Investigators searching for the identity of a toddler pulled from Keene Creek Reservoir 45 summers ago continue to tease out new tips and follow up leads from long ago.

Investigators searching for the identity of a toddler pulled from Keene Creek Reservoir 45 summers ago continue to tease out new tips and follow up leads from long ago.

Since presenting their case to the public, the team of investigators from the Jackson County Sheriff's Department has collected a new batch of details that could help match a name to the boy found bundled in blankets bound with wire and weighed down with iron assayer's molds designed to refine and cast metal.

Readers of the first story in the Mail Tribune were quick to identify Mrs. Cecil Johnson, a Central Point woman who had gone to police to voice concerns that the little boy found by a fisherman July 11, 1963, matched the description of a foster child who had been taken from her care.

Sparse follow-up at the time left current investigators with few details about who she was, but Beulah Johnson's daughters still live in the Rogue Valley and were quick to call and offer help this time, too, Detective Sgt. Colin Fagan said.

They, and other callers, said Cecil and Beulah Johnson had a small dairy on Scenic Avenue. He worked at the Double D Lumber mill and was active in local politics while she cared for their son, Cecil, three daughters, Joyce, Janice and Christine, as well as a string of foster children.

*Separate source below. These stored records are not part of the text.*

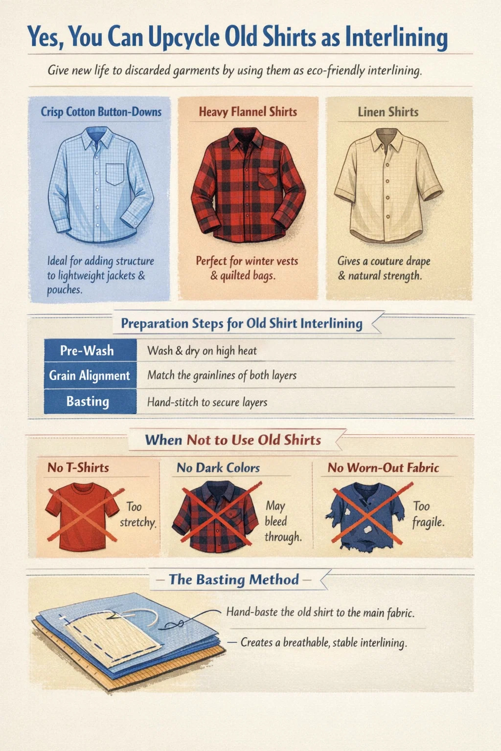 Lyhyt vastaus on vaikuttava kyllä . Käyttämättömät tai vanhat paidat voivat toimia erinomaisena, ympäristöystävällisenä ja kustannustehokkaana interline erilaisiin ompeluprojekteihin. Hylättyjen vaatteiden käyttäminen sisäkerroksena on vanhanaikainen räätälöintiperinne, joka tunnetaan nimellä "tekeminen". Menestys riippuu kuitenkin täysin siitä, kuinka paidan materiaaliominaisuudet – kuten sen kuitupitoisuus, kudos ja paino – sovitetaan uuden projektisi tarpeisiin. Oikein tehtynä vanha puuvilla- tai flanellipaita tarjoaa tarvittavan rungon, vakauden ja lämmön ilman synteettisiä, kaupasta ostettuja stabilointiaineita.
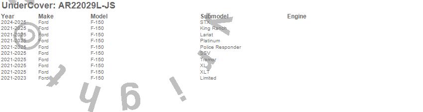 Below is an abbreviated list of applications for the UnderCover Fusion.F-150, Ford, 2025, 2024, 2023, 2022, 2021
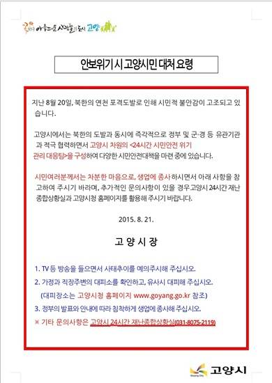 배포한 시민 대처요령은 △ TV 등 방송을 통해 사태 추의를 주시하고, △ 가정과 직장 주변의 대피소 확인 및 유사 시 대피방법과(대피장소는 고양시청 홈페이지 www.goyang.go.kr 참조) △ 정부 발표 및 안내에 따른 침착한 대응요령 등이다. 자세한 사항은 고양시 24시간 재난종합상황실(031-8075-2119)로 문의할 수 있다.

One of those foster children, a boy named Cecil Roy Rapp, was brought to them when he was about 10 days old.

The family was told he had been born to a developmentally disabled 14-year-old girl, originally from Rogue River, who lived at Fairview Home, a state institution in Salem.

With two Cecils in the family already, the Johnsons called the boy "PeeWee," and the girls, who ranged from age 10 into their teens at the time, remember him fondly.

"They had very vivid memories of this little guy," said Jackson County Deputy Medical Examiner Tim Pike.

They still recall their sadness when a stern woman of about 50 from the welfare office, known only as Mrs. Uridel in the old police reports, abruptly took PeeWee away on Jan. 31, 1963.

In talking with Pike and Fagan, Janice and Christine recounted how the Johnsons cried together on the front step as the sobbing PeeWee was driven down the lane away from the only family he had ever known, his tear-stained face framed in the car window.

"It was so painful they stopped taking in foster kids," Fagan said.

Beulah Johnson became obsessed with finding out what happened to the boy, pestering the local welfare office incessantly and writing letters to various officials, including the governor. In July 1963, when she read news accounts of the body found in Keene Creek Reservoir, she went to police, saying that reports matched the description, right down to the red and white striped shirt and corduroy pants, of the foster child taken from her home.

In a list of case follow-up notes from September 1963, Fagan found a short mention of her tip. A deputy reported that welfare officials said they had been in contact with the child, who was fine, and Mrs. Johnson was felt to be mentally unstable. However, no information was provided about who or where the child was.

"It doesn't say who they contacted or name the child or anything," he said.

Now Fagan and the team hope to unravel more about who little Cecil Roy Rapp was and what might have become of him.

They've scanned all sorts of databases available to police to see if anyone with that name has a criminal record, or even a driver's license, across the West. Ashland historian Kay Atwood, who has assisted the sheriff's department in past cases, sought Cecil Roy Rapp in genealogy records, including the Social Security death index.

Those searches found no mention of a child, or a grown man now, by that name.

Pike contacted the Oregon Department of Human Services Center for Health Statistics to look for Cecil Roy Rapp's birth certificate. No record came up under that name, but officials located what could be the birth certificate of the 14-year-old disabled girl thought to be his mother, Pike said.

They will delve into the archive to see if they can turn up her name and details about her life to determine if she had a son and what happened to him. If the details match, investigators can try to find her to take a DNA sample and see if the boy from the reservoir is a relative.

Investigators acknowledge that all this could lead to nothing.

"This might be a dry hole," Fagan said.

The name could be misremembered. The child could have been adopted and be living his life, never suspecting that he was once known as Cecil "PeeWee" Roy Rapp and loved by a Central Point family called the Johnsons.

For now, it's all part of the mystery the team hopes to unravel so they can ultimately find the true name of the boy found in the reservoir and buried in an unmarked grave at county expense.